● What is expected:
Among the lines below, take the one holding "t\ge 108 \\", the one holding "2 WEEKS of UNLIMITED", and all lines between them. Set them down exactly.

● Records shown:
"""

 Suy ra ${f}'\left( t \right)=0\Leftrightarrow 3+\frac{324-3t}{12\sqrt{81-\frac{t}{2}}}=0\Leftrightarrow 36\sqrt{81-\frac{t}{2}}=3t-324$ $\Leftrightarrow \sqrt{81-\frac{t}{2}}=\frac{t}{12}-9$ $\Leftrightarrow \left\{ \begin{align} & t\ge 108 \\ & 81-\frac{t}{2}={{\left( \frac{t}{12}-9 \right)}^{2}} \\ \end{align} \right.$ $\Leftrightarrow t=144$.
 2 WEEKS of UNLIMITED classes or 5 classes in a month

"""
"""

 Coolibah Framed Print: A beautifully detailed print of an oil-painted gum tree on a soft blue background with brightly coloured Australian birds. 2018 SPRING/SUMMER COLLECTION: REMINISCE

"""
"""

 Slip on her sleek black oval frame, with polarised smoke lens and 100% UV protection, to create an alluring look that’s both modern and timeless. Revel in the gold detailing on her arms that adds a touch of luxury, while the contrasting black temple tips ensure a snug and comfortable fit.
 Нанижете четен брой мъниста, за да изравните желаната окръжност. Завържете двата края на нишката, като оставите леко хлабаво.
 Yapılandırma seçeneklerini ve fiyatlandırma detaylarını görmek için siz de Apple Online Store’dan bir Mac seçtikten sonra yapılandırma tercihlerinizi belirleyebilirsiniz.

"""

● Exercise result:
 Suy ra ${f}'\left( t \right)=0\Leftrightarrow 3+\frac{324-3t}{12\sqrt{81-\frac{t}{2}}}=0\Leftrightarrow 36\sqrt{81-\frac{t}{2}}=3t-324$ $\Leftrightarrow \sqrt{81-\frac{t}{2}}=\frac{t}{12}-9$ $\Leftrightarrow \left\{ \begin{align} & t\ge 108 \\ & 81-\frac{t}{2}={{\left( \frac{t}{12}-9 \right)}^{2}} \\ \end{align} \right.$ $\Leftrightarrow t=144$.
 2 WEEKS of UNLIMITED classes or 5 classes in a month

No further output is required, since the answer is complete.